When he left that day, he knew Jem’s words had given him the kick up the arse he needed. It was time to stop burying his head in the sand; it was time he had that lump checked out.
Chapter Three
Maddie squeezed past the group of teenagers huddled beside the doorway of the tram and tracked down the last spare seat towards the back, next to an open window. She watched the suburbs pass by as the breeze delicately toyed with her hair.
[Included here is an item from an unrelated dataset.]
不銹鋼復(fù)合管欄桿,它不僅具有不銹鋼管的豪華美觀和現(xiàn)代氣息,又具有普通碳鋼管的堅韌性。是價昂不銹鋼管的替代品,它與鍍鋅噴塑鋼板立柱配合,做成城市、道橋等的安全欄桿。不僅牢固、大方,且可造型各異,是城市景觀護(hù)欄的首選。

Her hand rested on her Kindle, but instead of tapping in her password and diving into her latest book, she found her thoughts drifting back to last weekend.
When she had finally made it to the bachelorette party, a whiff of alcohol had snaked through the air, and she’d laughed with the gaggle of girls crowding round and pointing at several peculiar-looking attempts to fashion a penis out of clay.
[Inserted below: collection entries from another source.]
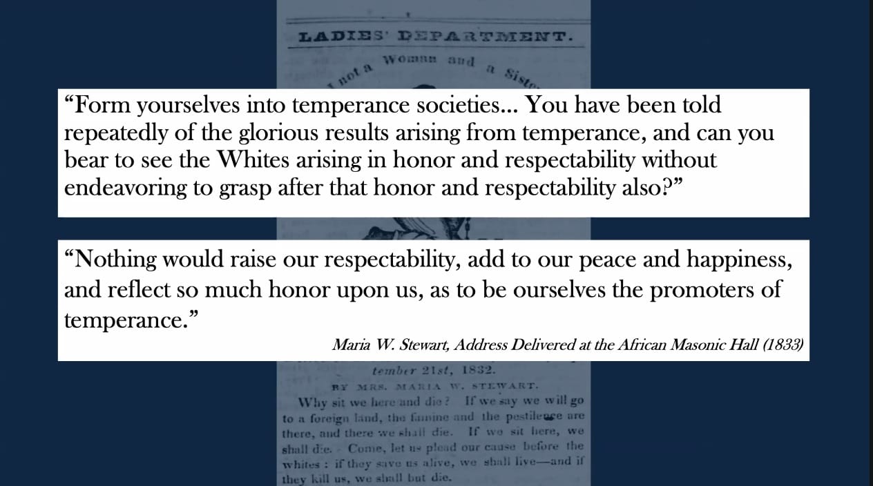 Maria W. Stewart, who was born in Hartford and moved to Boston, was even more pointed in her correlation of temperance and freedom. Stewart was excluded from many African American temperance organizations because she was a woman, which highlights the often rank hypocrisy of public moralizers (staring SQUARELY at Cosby). She stated that temperance was necessary for liberation, literally using the word “respectability” in her exhortations: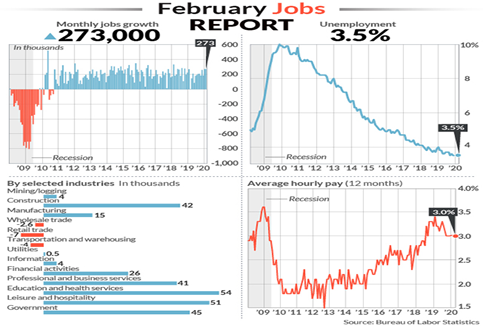 The Labor Department’s February employment survey took place in the middle of February, before the coronavirus began its worldwide spread. So we will have to wait for March employment figures to know its impact on employment, and almost every business sector in the U.S. economy.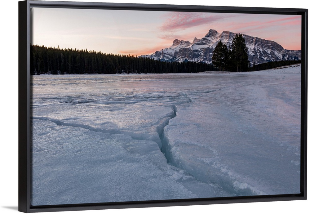 <p>Cracks in ice on frozen lake at sunrise, Mount Rundle, Banff National Park, Alberta, Canada</p>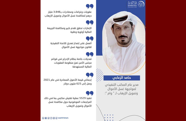 وقال سعادة حامد الزعابي مدير عام المكتب التنفيذي لمواجهة غسل الأموال وتمويل الإرهاب في حوار مع وكالة أنباء الإمارات "وام": تدلل تلك البيانات على تقدم كبير في تعزيز نهج الإمارات في مكافحة غسل الأموال وتمويل الإرهاب بما يتماشى مع المعايير العالمية والتزامها بمكافحة الجريمة المالية كأولوية وطنية.

But that wasn’t the party that had stuck in her mind.
Jem’s party had taken up a considerable amount of her thinking time over the last few days. She could still picture Evan’s smile, his height, the stubble that hypnotised her when he spoke.
Typical. The girl opposite was talking into her phone at a volume more suitable for a nightclub than a tram full of commuters.
‘Did you see the news feature on Ground Zero this morning?’ The girl spoke with an American accent.
Maddie’s heart quickened. She pulled her iPod from her bag – perfect for this sort of emergency – as the girl’s voice rose above the volume of the other commuters.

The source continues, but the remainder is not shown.